Ich z.b. habe im Schattentor im Schattenhochland gefarmt.

Hatte "trank des schätzefindens" intus und bin gelernter schneider.




Resultat für 1 stunde farmen:

320 Glutsteidenstoff

6 grüne items

7 Pyrit

15 Elementium

17 flüchtige Luft

3 flüchtiges Feuer

9 flüchtiges Leben

6 flüchtiges Wasser


----------



## Fordtaurus (27. November 2011)

Ich farme mit meinem Schneider (85er Hexer) an der "zerissene Front" in Tiefenheim
Diese Steintroggs (Lvl 82-83) dort stehen immer schön in verlockenden 5er-12er Gruppen rum und das sehr nah beisammen.


Tabelle wird vortgeführt 

*Aktualisiert am 08.06.12*

so long und viel Spass beim Schätzefinden 


Ford


----------



## ego1899 (28. November 2011)

Naja das Stoff farmen Open World technisch is mir irgendwie zu blöd geworden.

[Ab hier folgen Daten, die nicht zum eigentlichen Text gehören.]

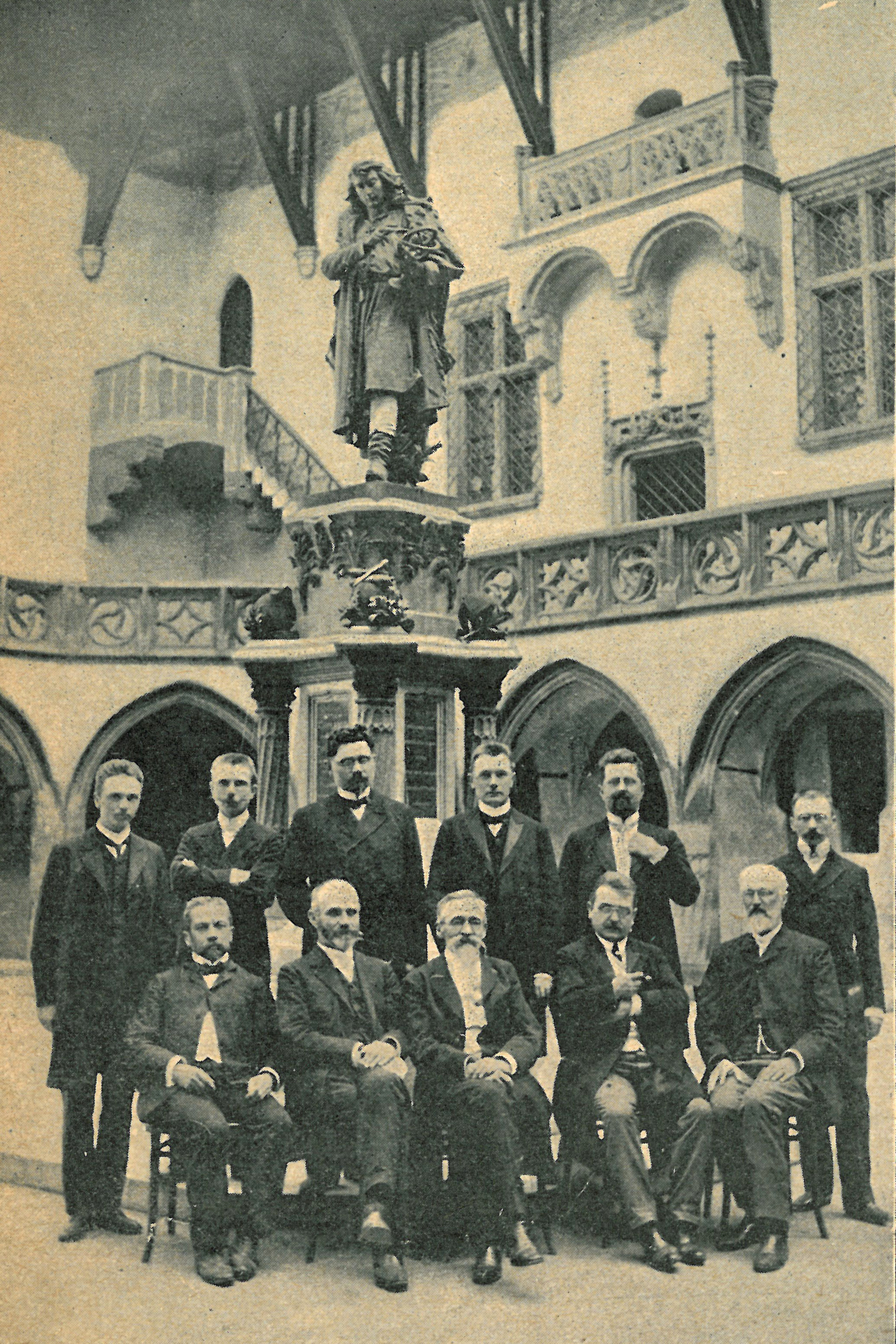 Pierwszy rząd od lewej ku prawej: Adam Antoni Kryński, Jan Baudouin de Courtenay, Tadeusz Korzon, Józef Kallenbach, Stanisław Ptaszycki. Drugi rząd od lewej: Ignacy Stein, Jan Magiera, Witold Nowodworski, Wiktor Czermak, Bronisław Gubrynowicz, Jan Łoś.

Ich gehe mittlerweile einfach 1x täglich BSF. Da droppt am besten Stoff meiner Meinung nach. Gehe da als gelernter Schneider mit ca. 80 Glutseidenstoff raus und die Ini ist in 15 Minuten gemacht. Is jetzt nicht die Welt, aber reicht für den täglichen verbrauch... ^^


und Ford... Hast du dir echt die Mühe gemacht dir ne Tabelle anzulegen? Nice xD


----------



## Versace83 (2. April 2012)

Danke für die Tipps... bin mit meinem Schneider auf 510 und brauche noch soooo viel Stoffe um auf 525 zu kommen.

Da werde ich heute mal so einen Trank besorgen und mich auf den Weg zu den Twilight Highlands machen... Bericht folgt


----------



## Fremder123 (2. April 2012)

Versace83 schrieb:


> Da werde ich heute mal so einen Trank besorgen und mich auf den Weg zu den Twilight Highlands machen...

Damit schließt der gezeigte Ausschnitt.